Assuming that the values of variables f, g, h, i, and j are stored in registers $s0, $s1, $s2, $s3, and $s4, respectively. Furthermore the base address of arrays of integers A and B are in registers $s6 and $s7 respectively.

Write MIPS assembly language code for following C language statements: f = g - A[B[4] + 2]

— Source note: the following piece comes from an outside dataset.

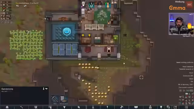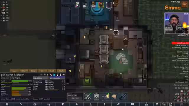 03:30:25Im RimWorld-Run, Tag 62, ist die Kolonie von den Voids bedroht und nutzt einen Raumschiff-Notfallflügel. Ein Mörserangriff steht in 5,9 Tagen bevor. Die Siedler Chad, Kay und Glasses meditieren an einem Anima-Baum, um ihren Fokus zu stärken. Kay hat eine Niere verloren, und Glasses ist schwanger und eine Beziehung zu Kevin eingegangen, während ihr Ehemann noch lebt.

lw $s0, 16($s7)     #$s0 = B[4]
sll $s0, $s0, 2     #$s0 = B[4] * 4 
add $s0, $s6, $s0   #$s0 = A + B[4] * 4
lw $s0, 0($s0)      #$s0 = A[B[4]]
sub $s0, $s1, $s0   #f = g – A[B[4]]

I found the above example online but I don't understand how it really works. Second line, isn't it shift logical left? So why is it used like this in here, doing operation $s= B[4] * 4 instead of adding 2? Third line, why is it adding instead of doing something like first line? Fourth line, 0($s0)... meaning we are getting the index 0? Why?

I was have f = h + B[g] and f = g + A[h + B[1]]. I'm sorry if this is too much question but I just don't get it.

Answer 1

Second line, isn't it shift logical left? So why is it used like this in here, doing operation $s= B[4] * 4 instead of adding 2?

Performing a logical shift left by 2 bits multiplies a value by 4. While there isn't enough context here for me to say for sure, it's most likely that this is necessary because A is an array of 32-bit values, which are 4 bytes each. Thus, B[4] must be multiplied by 4 to turn it from an index into an offset within A .

Fourth line, 0($s0)... meaning we are getting the index 0? Why?

Because, at this point, $s0 is the address of A[B[4]] — in C terminology, it is the pointer &A[B[4]] . Loading the word at an offset of 0 from that address dereferences the pointer.

The sample code you're using appears to be missing the + 2 . Adding that should be possible by modifying one instruction from what you have; I'll leave it to you to figure out what.